**Information shown**
....

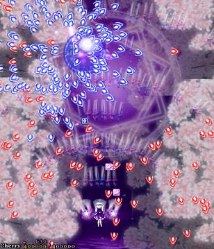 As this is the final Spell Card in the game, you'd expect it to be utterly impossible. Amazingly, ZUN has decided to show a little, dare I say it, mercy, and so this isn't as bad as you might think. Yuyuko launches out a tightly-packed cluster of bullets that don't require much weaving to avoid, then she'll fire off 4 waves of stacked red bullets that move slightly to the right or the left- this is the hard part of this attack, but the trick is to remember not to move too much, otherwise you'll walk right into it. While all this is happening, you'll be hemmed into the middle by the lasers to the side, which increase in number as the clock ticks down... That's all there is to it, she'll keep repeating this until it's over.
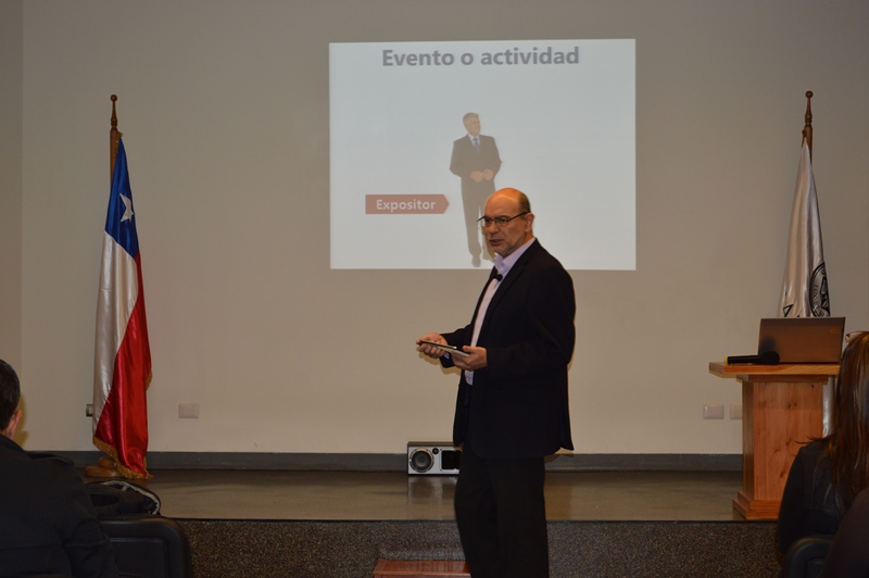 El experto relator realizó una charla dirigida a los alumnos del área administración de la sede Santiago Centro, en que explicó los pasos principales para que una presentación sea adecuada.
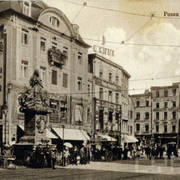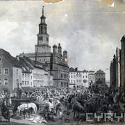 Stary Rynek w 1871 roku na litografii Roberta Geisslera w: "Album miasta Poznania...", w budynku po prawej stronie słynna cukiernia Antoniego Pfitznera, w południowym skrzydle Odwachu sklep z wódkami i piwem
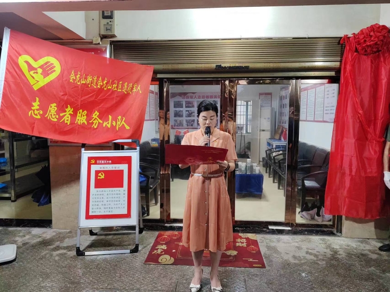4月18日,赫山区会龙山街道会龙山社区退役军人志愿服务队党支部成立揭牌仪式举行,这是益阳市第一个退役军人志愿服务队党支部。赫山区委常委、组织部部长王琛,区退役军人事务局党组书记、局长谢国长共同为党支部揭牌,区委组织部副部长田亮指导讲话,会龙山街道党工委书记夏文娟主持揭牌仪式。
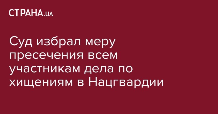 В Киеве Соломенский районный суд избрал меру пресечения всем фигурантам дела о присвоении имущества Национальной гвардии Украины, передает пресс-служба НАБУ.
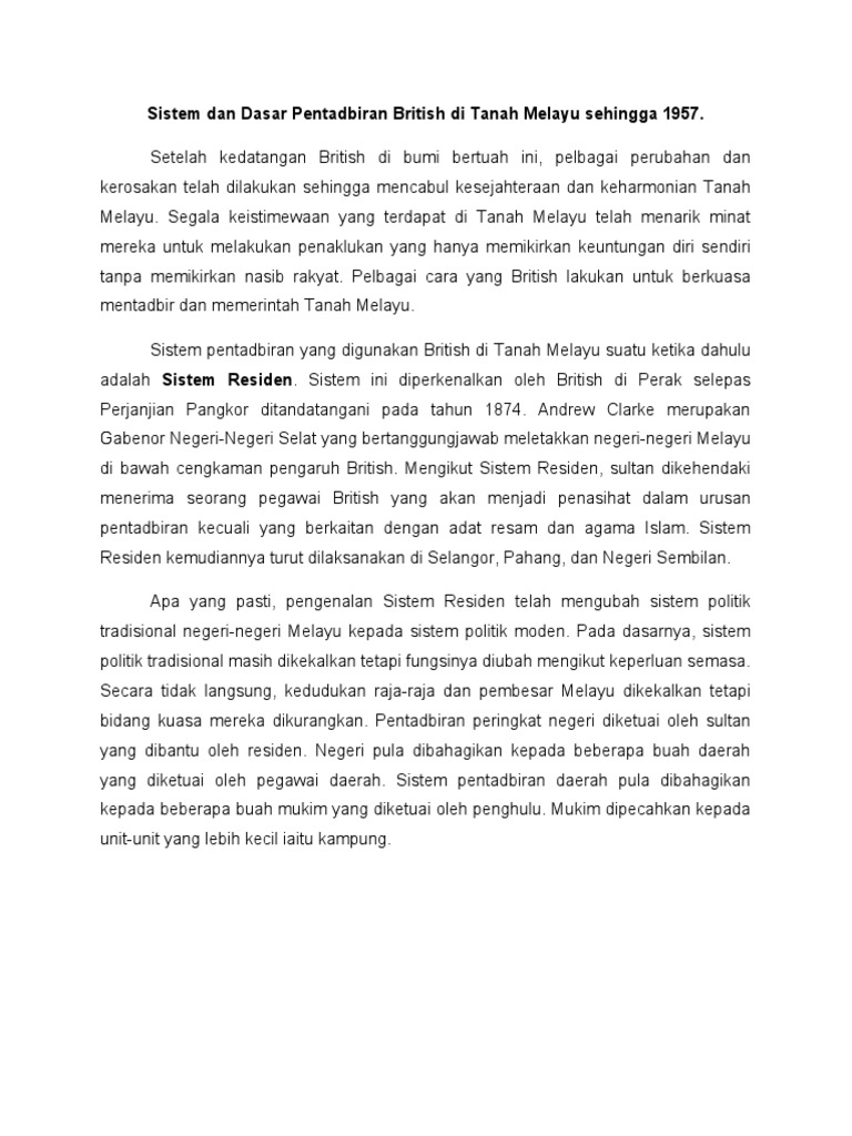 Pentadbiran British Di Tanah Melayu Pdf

....

**Brief**
Write out exactly, and nothing more than, the lines of the entries above from the line containing "4月18日,赫山区会龙山街道" through the final line; omit any pictures.

**Answer to the exercise**
4月18日,赫山区会龙山街道会龙山社区退役军人志愿服务队党支部成立揭牌仪式举行,这是益阳市第一个退役军人志愿服务队党支部。赫山区委常委、组织部部长王琛,区退役军人事务局党组书记、局长谢国长共同为党支部揭牌,区委组织部副部长田亮指导讲话,会龙山街道党工委书记夏文娟主持揭牌仪式。
 В Киеве Соломенский районный суд избрал меру пресечения всем фигурантам дела о присвоении имущества Национальной гвардии Украины, передает пресс-служба НАБУ.
 Pentadbiran British Di Tanah Melayu Pdf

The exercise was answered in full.